Для историков и биографов источники — это всегда головная боль. Сами по себе они недостоверны. Если какой-либо сомнительный источник желает выставить себя образцом правдивости, его надо подтвердить другим источником, а тот, в свою очередь, третьим. Цепь эта зачастую бывает бесконечной, а иногда бесполезной, так как сумма источников также может быть ложью. Возьмем, например, запись о бракосочетании Перона и Эвиты, в которой нотариус города Хунина подтверждает верность данных. Факт брака правдив, но почти все, что написано в свидетельстве, ложь от начала до конца. В самый торжественный и исторически значительный момент их жизни врачующиеся (так официально их именовали) решили с олимпийским высокомерием обмануть историю. Перон солгал насчет места церемонии и своего гражданского состояния; Эвита солгала насчет своего возраста, места жительства, города, где родилась. Это все было очевидной ложью, однако прошло двадцать лет, прежде чем ее изобличили. И все же в 1974 году биограф Энрике Павон Перейра в своем произведении «Перон, судьбоносный человек» объявил эти сведения правдивыми. Другие историки довольствуются тем, что переписывают брачное свидетельство, не оспаривая его данных. К примеру, ни одному из них не пришло в голову спросить себя, почему Перон и Эвита солгали. Им это вовсе не было нужно. Неужели Эвита прибавила себе три года, чтобы ее жених не был вдвое старше ее? И неужели Перон выдал себя за холостяка потому, что стыдился быть вдовцом? Неужели Эвита выдумала, будто родилась в Хунине, потому что в Лос-Тольдосе ее знали как внебрачную дочь? Просто эти мелкие детали уже их не тревожили. Они солгали, потому что перестали отличать ложь от правды и потому что оба они, прирожденные актеры, начинали сами себя представлять в других ролях. Они лгали, потому что решили, что отныне действительность будет такой, как они пожелают. Они поступали так, как поступают романисты. Из их жизни исчезло сомнение.

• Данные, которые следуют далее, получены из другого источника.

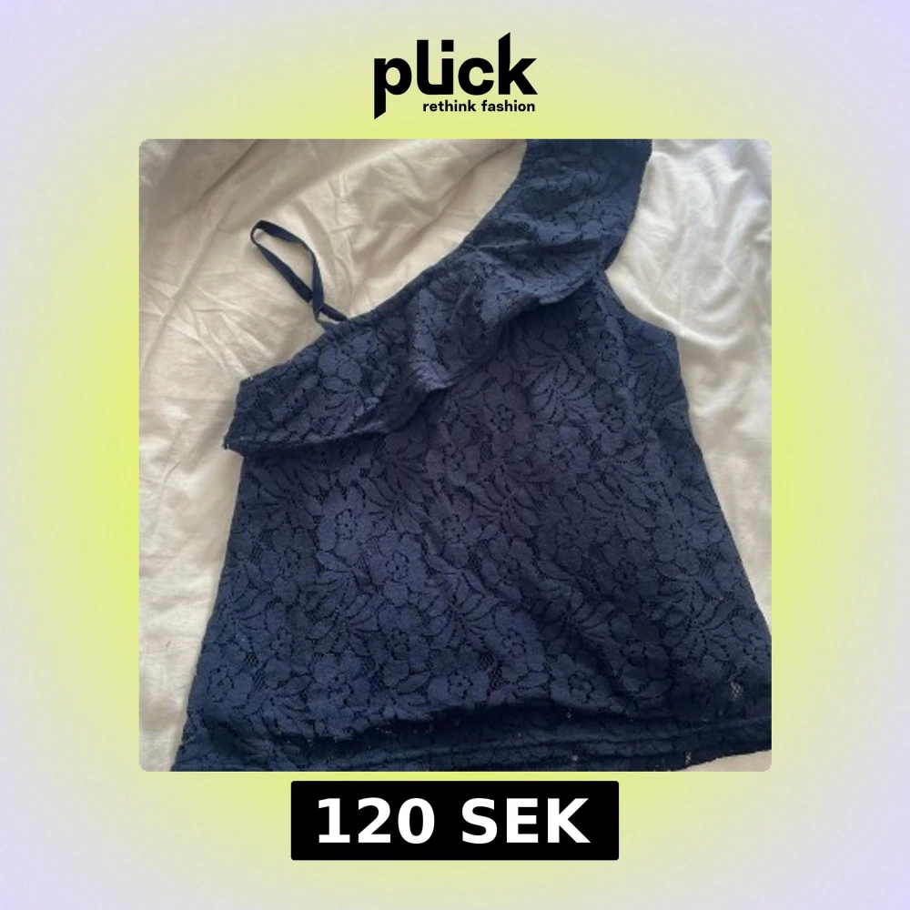Supersnygg marinblå topp från Abercrombie Kids med blommig spets och oneshoulder-design. Helt ny aldrig använt.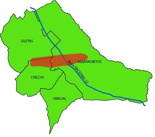 El evento climático comprendió parte de los distritos Isletas (Dpto. Diamante), Chilcas (Dpto. Victoria) y Algarrobitos (Dpto. Nogoyá). Se estima que dentro de este sector existe una superficie cercana a las 200 ha de maíz de primera, 1.200 ha de soja de segunda y 1.000 ha de soja de primera, además de algunos lotes de sorgo y pasturas.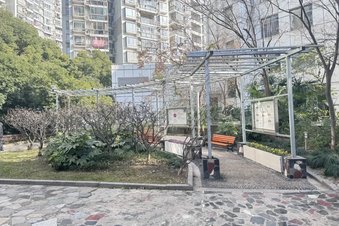 枫杨园居民区所辖的中关村公寓小区健身步道旁,曾经有一个茂盛的紫藤花架。然而,由于年久失修,其木制过道已经腐烂。枫杨园居民区党支部对其进行了改造升级,将原有的废旧葡萄架过道打造成中关村科普长廊园,包括生态保护、垃圾分类、反诈骗宣传、保健等知识。
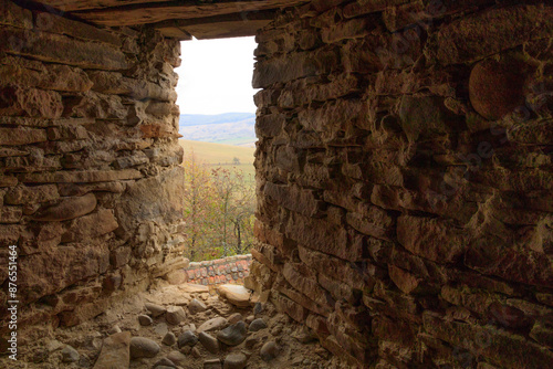 © Emily_M_Wilson, Fototapeta premium Europe, Romania. Viscri. View from stone window in Fortified Church.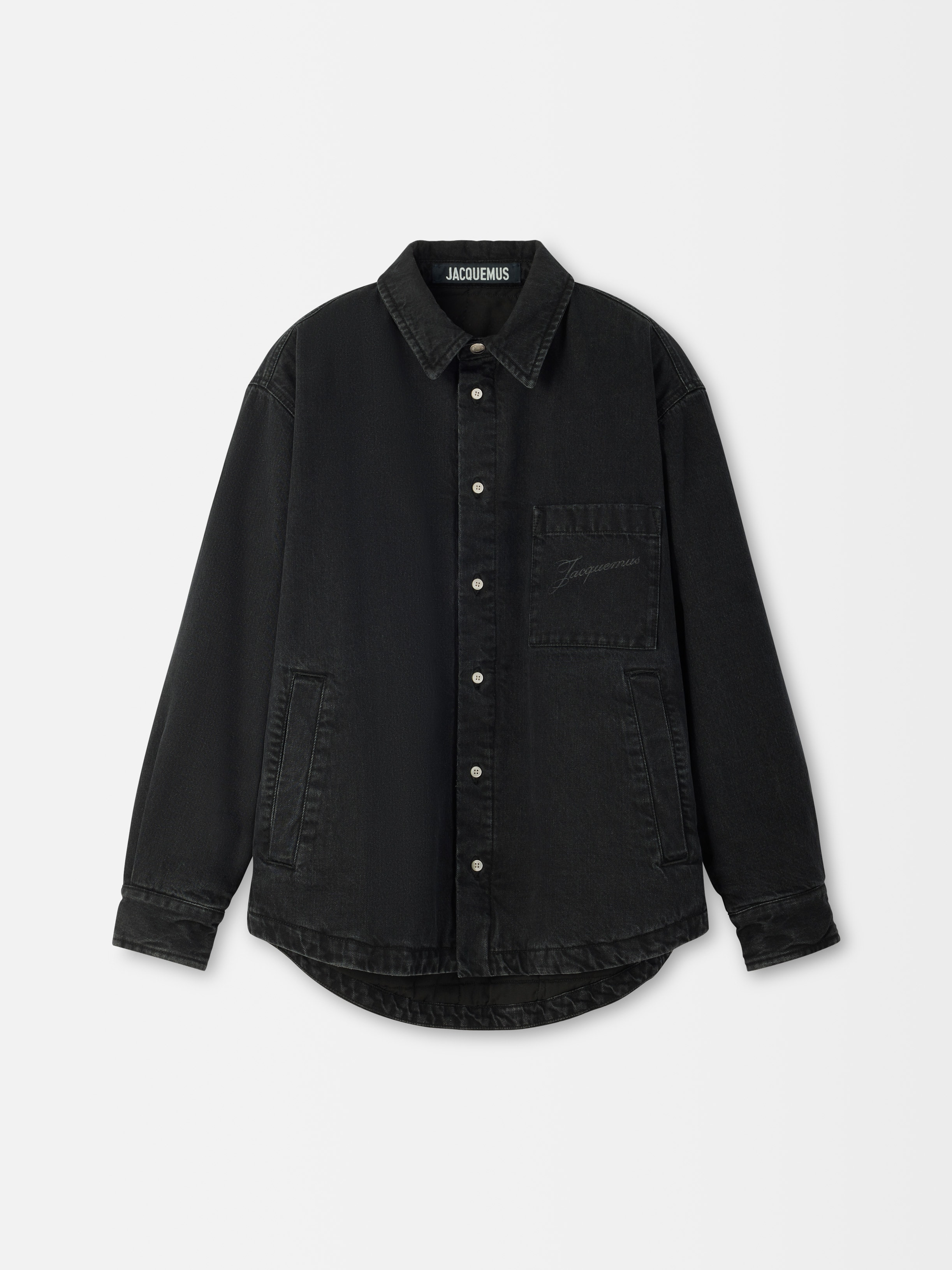 Puffed overshirt - Boxy fit - Washed black denim - Pointed collar with engraved metal button - Laser-printed logo on the chest - Side welt pockets - Buttoned cuffs - Back yoke with “J” loop - Fully padded and lined - Mother-of-pearl buttons The model is 187cm and wears a size 48 100% Cotton / Lining: 65% Polyester - 35% Cotton Made in France Ref. OUM00115AD00019990

Кто-нибудь, возможно, захочет все же услышать, откуда я знаю то, о чем рассказываю?

Это легко перечислить: знаю из интервью вдовы Полковника в июне 1991 года; знаю из моих долгих бесед с Альдо Сифуэнтесом в июле 1985 года и в марте 1988 года.

Сифуэнтес был последним поверенным Полковника и хранителем его бумаг. Невысокий человечек, почти карлик, с визгливым голосом, вспыльчивый. Он хвалился, что в своей жизни прочитал очень мало книг, однако написал шестнадцать: об Отцах Церкви, об астрологии, об иллюминатах розенкрейцерах, об ирландском движении Шин-Фейн, о приютах, основанных сеньором Де Андреа. Все эти сочинения хорошо документированы — его заявления о своем невежестве, вероятно, были чистым кокетством. Его отец в двадцатых годах основал с десяток журналов и благодаря этому обогатился, защищая мафиози и чиновных грабителей.